Data in this exercise –

%%

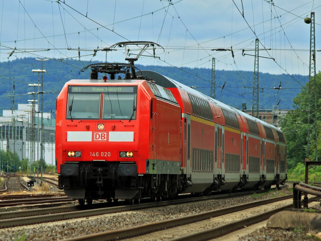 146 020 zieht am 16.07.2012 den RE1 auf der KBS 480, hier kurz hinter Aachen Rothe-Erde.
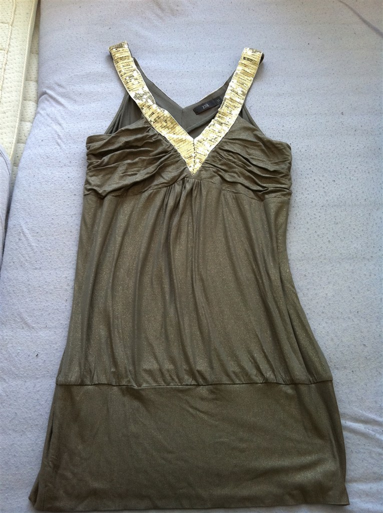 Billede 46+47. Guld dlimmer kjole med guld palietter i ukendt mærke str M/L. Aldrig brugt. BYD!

%%
%%

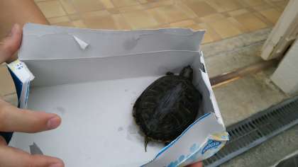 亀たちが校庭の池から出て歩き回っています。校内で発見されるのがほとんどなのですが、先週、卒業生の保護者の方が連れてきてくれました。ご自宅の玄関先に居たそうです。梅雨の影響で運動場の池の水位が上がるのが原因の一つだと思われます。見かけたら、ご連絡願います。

%%

Problem requirements – Would you please repeat only the lines above, beginning at the one that has "146 020 zieht" and stopping after the one that has "Billede 46+47. Guld", exactly and with no pictures?

Written response –
 146 020 zieht am 16.07.2012 den RE1 auf der KBS 480, hier kurz hinter Aachen Rothe-Erde.
 Billede 46+47. Guld dlimmer kjole med guld palietter i ukendt mærke str M/L. Aldrig brugt. BYD!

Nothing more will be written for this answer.